→ WHAT THIS TASK INVOLVES
Would you write out every entry exactly, but without the pictures?
◇ ◇ ◇ ◇
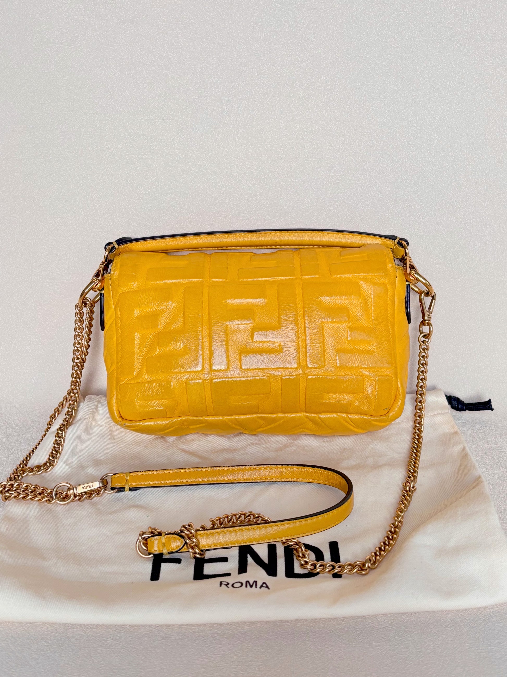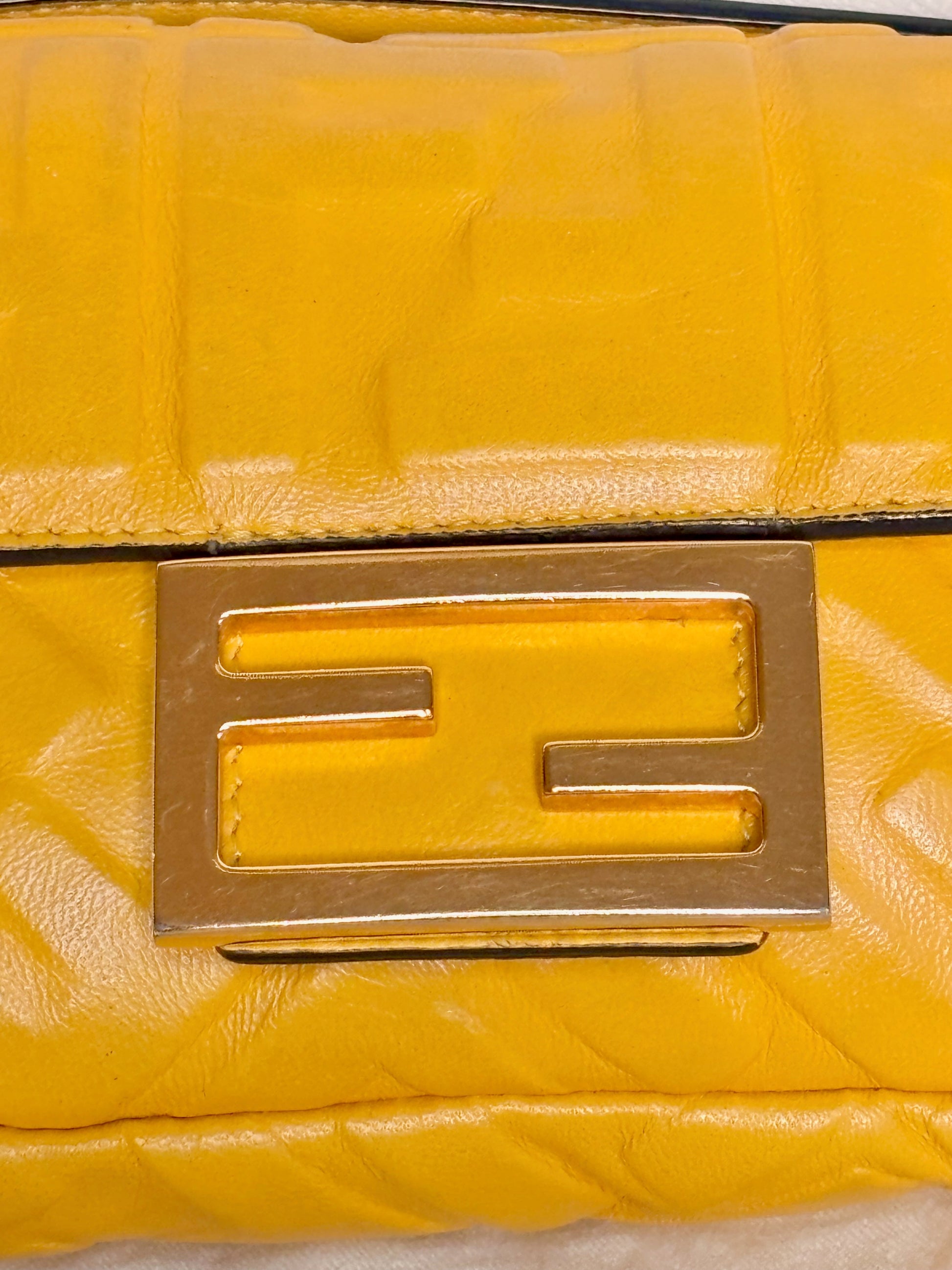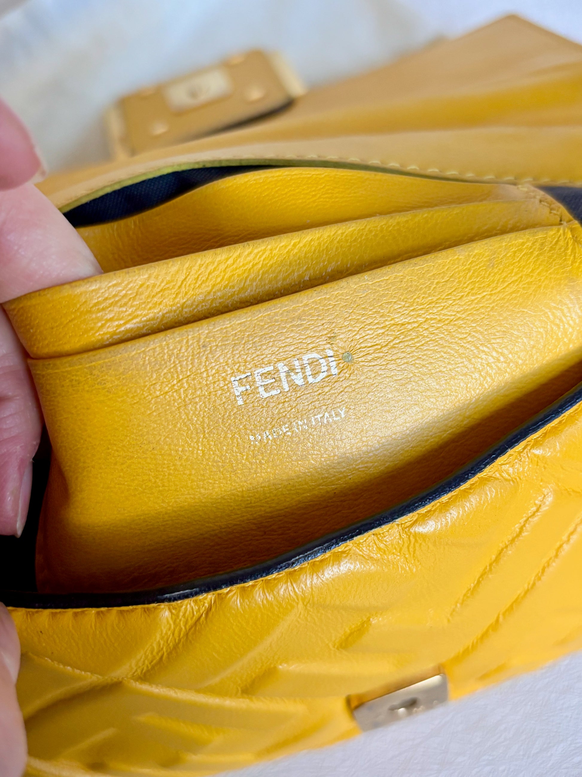 * En cuir nappa souple couleur jaune avec motif FF emblématique en relief effet 3D et fermoir FF
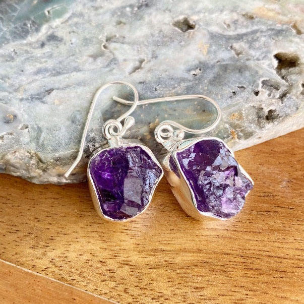 925 Sterling Silver Amethyst Collet Earring Handmade Classic Raw Gemstone Hoop Birthstone Jewelry for Women Perfect Gift for Her
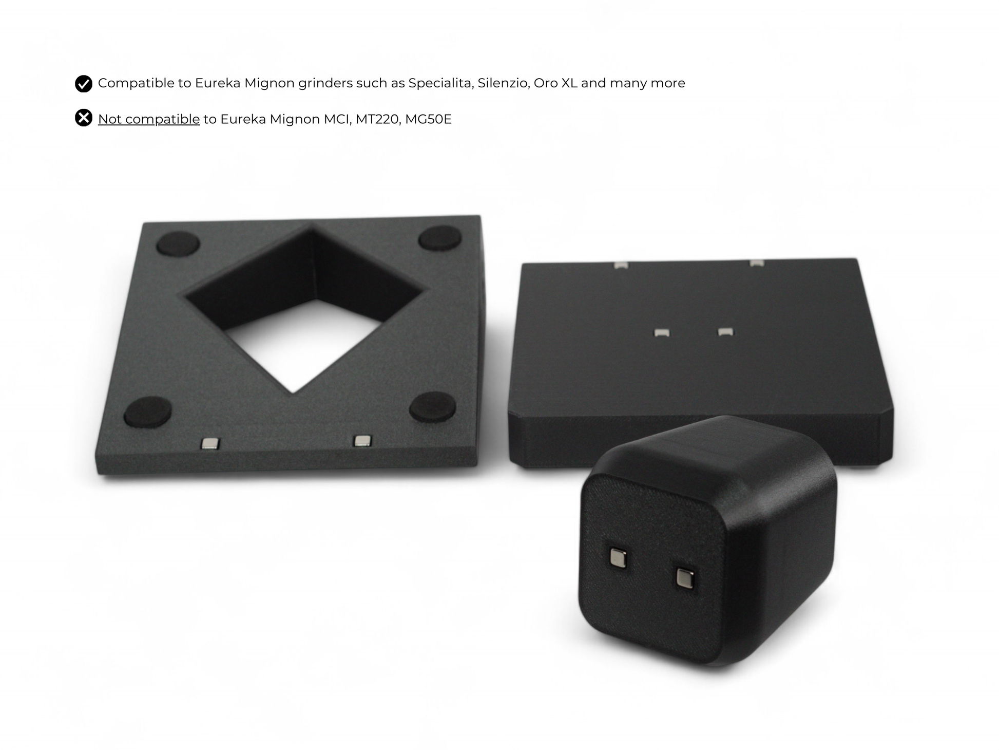 Be aware: This Low Retention Kit is NOT compatible with the Eureka Mignon MCI, MT220, MG50E, Eureka Mignon Dolce Vita, and Mignon Zero 65 All Purpose. The plastic catch cup of the Eureka Mignon Brew Pro, Filtro, and Crono is not compatible with the tilted base.
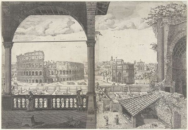 This is an etching by Johannes or Lucas van Doetechum, portraying a palace with a courtyard and a garden featuring a fountain on the right. The dominant visual experience is defined by its structured composition, with its formal organization articulating a sense of space and perspective. The buildings and gardens are rendered with meticulous detail, emphasizing geometric forms and orderly arrangements. The lines create a sense of depth, inviting the viewer to explore the architectural elements and spatial relationships. The stark contrast between light and shadow adds dimension and emphasizes the structural forms. This meticulousness reflects a broader interest in order and control. In the context of the period, such depictions of architecture often served as symbols of power, reflecting the structured societal norms and aspirations of the time. The composition serves as a visual code, conveying ideas about authority and social order. The etching invites ongoing interpretation and reconsideration, offering new perspectives on the structures of art and society.
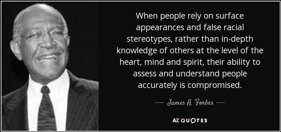 Let's say you were in the middle of a job interview and all of a sudden the interviewer stops. He or she then says, "You know what? I don't think you're going to get the position because all insert race/gender/age/etc. are bad workers and that'll be bad for business, but have a nice day." Would you just say, "Thank you sir/ma'am," then leave? No? Then why is it that when our friends say something derogatory or make use of a racial, cultural, sexual or other stereotype we sometimes laugh or disregard it and turn a deaf ear? Whether we like it or not, we sometimes form hasty conclusions in our minds about people, both individuals and groups. When our hasty conclusions begin to affect our actions, the way we treat or perceive those people and potentially the rights of those people, it is at that point that we realize we have a problem. At this point, it's a little too late.
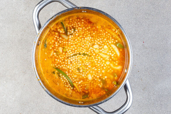 Den Perlencouscous, das Brühgewürz sowie 1/2TL Salz mit 1L gekochtem Wasser in den Topf geben und abgedeckt bei mittlerer Hitze 11–12Min. sanft köcheln lassen (bei Bedarf mehr Wasser hinzufügen), bis die Brühe aufgesaugt und der Perlencouscous gar ist. Ggf. ab und an umrühren, damit der Perlencouscous nicht ansetzt. Mit dem Zitronensaft sowie Salz und Pfeffer abschmecken.
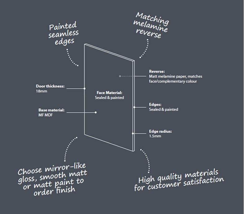 - Reverse: Matt melamine paper matches face, complimentary colour.
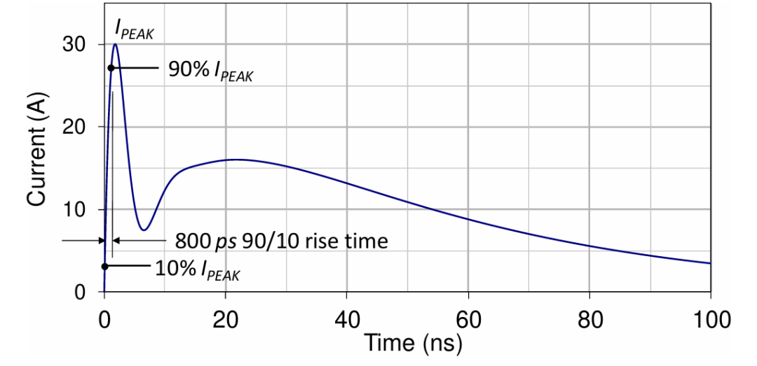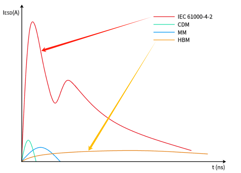 图 3 符合 IEC 61000-4-2 标准的 4 级 (8kV ESD) 波形 图 4 芯片级ESD和系统级ESD放电脉冲波形示意图 在测试方法上,芯片级ESD是在固定夹具上测试,芯片处于不上电状态。而系统级ESD的测试则 是将芯片焊接在PCB上,测试过程中芯片可能处于上电状态,测试引脚组合也会因系统电路连接 差异而不同。 2、放电路径不同
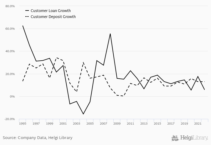 On the other hand, bank's customer deposit growth amounted to 13.0% at the end of 2022, up from 13.0% when compared to the previous year. Historically, the bank’s deposit growth reached an all time high of 34.3% in 2000 and an all time low of 0.269% in 2010. In the last decade, the average annual loan growth amounted to 12.8%.
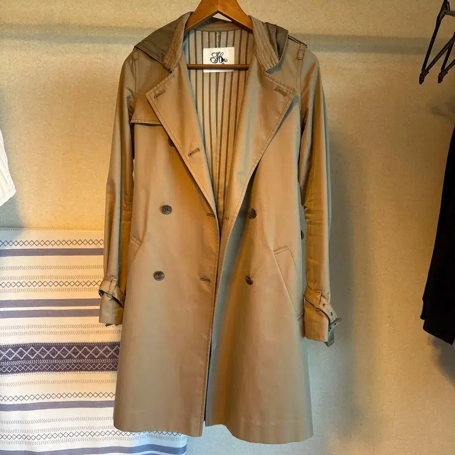 일본제 후드 부착 더블 브레스트 트렌치코트
◇ ◇ ◇ ◇
→ RESPONSE AREA
 * En cuir nappa souple couleur jaune avec motif FF emblématique en relief effet 3D et fermoir FF
 925 Sterling Silver Amethyst Collet Earring Handmade Classic Raw Gemstone Hoop Birthstone Jewelry for Women Perfect Gift for Her
 Be aware: This Low Retention Kit is NOT compatible with the Eureka Mignon MCI, MT220, MG50E, Eureka Mignon Dolce Vita, and Mignon Zero 65 All Purpose. The plastic catch cup of the Eureka Mignon Brew Pro, Filtro, and Crono is not compatible with the tilted base.
 This is an etching by Johannes or Lucas van Doetechum, portraying a palace with a courtyard and a garden featuring a fountain on the right. The dominant visual experience is defined by its structured composition, with its formal organization articulating a sense of space and perspective. The buildings and gardens are rendered with meticulous detail, emphasizing geometric forms and orderly arrangements. The lines create a sense of depth, inviting the viewer to explore the architectural elements and spatial relationships. The stark contrast between light and shadow adds dimension and emphasizes the structural forms. This meticulousness reflects a broader interest in order and control. In the context of the period, such depictions of architecture often served as symbols of power, reflecting the structured societal norms and aspirations of the time. The composition serves as a visual code, conveying ideas about authority and social order. The etching invites ongoing interpretation and reconsideration, offering new perspectives on the structures of art and society.
 Let's say you were in the middle of a job interview and all of a sudden the interviewer stops. He or she then says, "You know what? I don't think you're going to get the position because all insert race/gender/age/etc. are bad workers and that'll be bad for business, but have a nice day." Would you just say, "Thank you sir/ma'am," then leave? No? Then why is it that when our friends say something derogatory or make use of a racial, cultural, sexual or other stereotype we sometimes laugh or disregard it and turn a deaf ear? Whether we like it or not, we sometimes form hasty conclusions in our minds about people, both individuals and groups. When our hasty conclusions begin to affect our actions, the way we treat or perceive those people and potentially the rights of those people, it is at that point that we realize we have a problem. At this point, it's a little too late.
 Den Perlencouscous, das Brühgewürz sowie 1/2TL Salz mit 1L gekochtem Wasser in den Topf geben und abgedeckt bei mittlerer Hitze 11–12Min. sanft köcheln lassen (bei Bedarf mehr Wasser hinzufügen), bis die Brühe aufgesaugt und der Perlencouscous gar ist. Ggf. ab und an umrühren, damit der Perlencouscous nicht ansetzt. Mit dem Zitronensaft sowie Salz und Pfeffer abschmecken.
 - Reverse: Matt melamine paper matches face, complimentary colour.
 图 3 符合 IEC 61000-4-2 标准的 4 级 (8kV ESD) 波形 图 4 芯片级ESD和系统级ESD放电脉冲波形示意图 在测试方法上,芯片级ESD是在固定夹具上测试,芯片处于不上电状态。而系统级ESD的测试则 是将芯片焊接在PCB上,测试过程中芯片可能处于上电状态,测试引脚组合也会因系统电路连接 差异而不同。 2、放电路径不同
 On the other hand, bank's customer deposit growth amounted to 13.0% at the end of 2022, up from 13.0% when compared to the previous year. Historically, the bank’s deposit growth reached an all time high of 34.3% in 2000 and an all time low of 0.269% in 2010. In the last decade, the average annual loan growth amounted to 12.8%.
 일본제 후드 부착 더블 브레스트 트렌치코트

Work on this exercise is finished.